In the End, Open Internet Wins
It was 50 years ago this week that Net Neutrality was finally adopted as a irrefutable policy in the United States. This was after several court battles and great concern by the telcos who had to live within the new framework. Many predicted stagnation of innovation and the economy. But it didn’t turn out that way.
Regulation of ISPs Led to Breakthrough Research and Invigorated Company Stocks
Deregulation of telecommunications in the last century had many positive outcomes, however, by the 2010’s telcos struggled to compete on equal footing with high flying Internet companies. Cost cutting was the preferred method to keep profits high. After the net neutrality rulings, the resulting massive consolidation in the industry was painful and disruptive. Once the dust settled, the telcos’ steady financial performance and high dividends worked to their benefit.

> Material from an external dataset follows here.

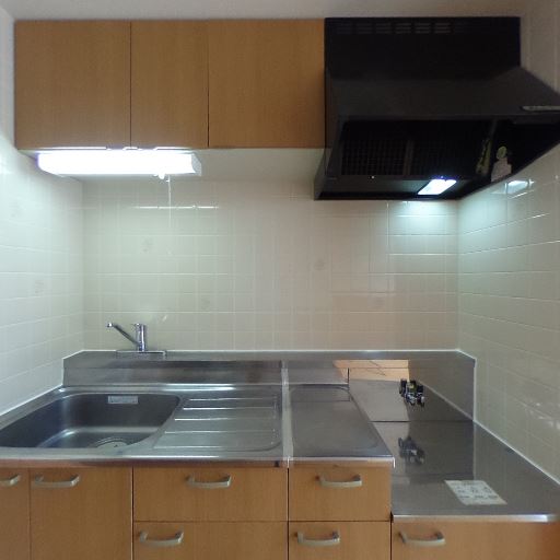 • キッチン設備がコンパクトにまとまっている(確度89%):シンク、作業台、加熱機器、レンジフード、吊戸棚が一列に配置された壁付けキッチンで、必要な設備が一通りそろっている。

With what became a new flavor of “cost plus” regulation, their ability to fund R&D without impacting profit margins led to breakthroughs in compact fusion and batteries that rivaled the earlier Bell Lab.
Global Accord Reached by 2025 Benefited Developing Countries
Widespread adoption of Net Neutrality effectively barred telcos in developing countries from charging a fee for traffic entering their borders. Barack Obama, the American President who led the fight for Net Neutrality, knew that developing countries had to have alternative ways to fund communications infrastructure. Upon leaving office in 2016, he worked tirelessly to bring together global tech companies, governments and telcos to address this issue. He is widely credited with the Naypyidaw Accords that were adopted by most countries by 2025. The accords funded telecommunications infrastructure with a global micro tax on each share of stock traded equal to ¥0.000000001 (CNY).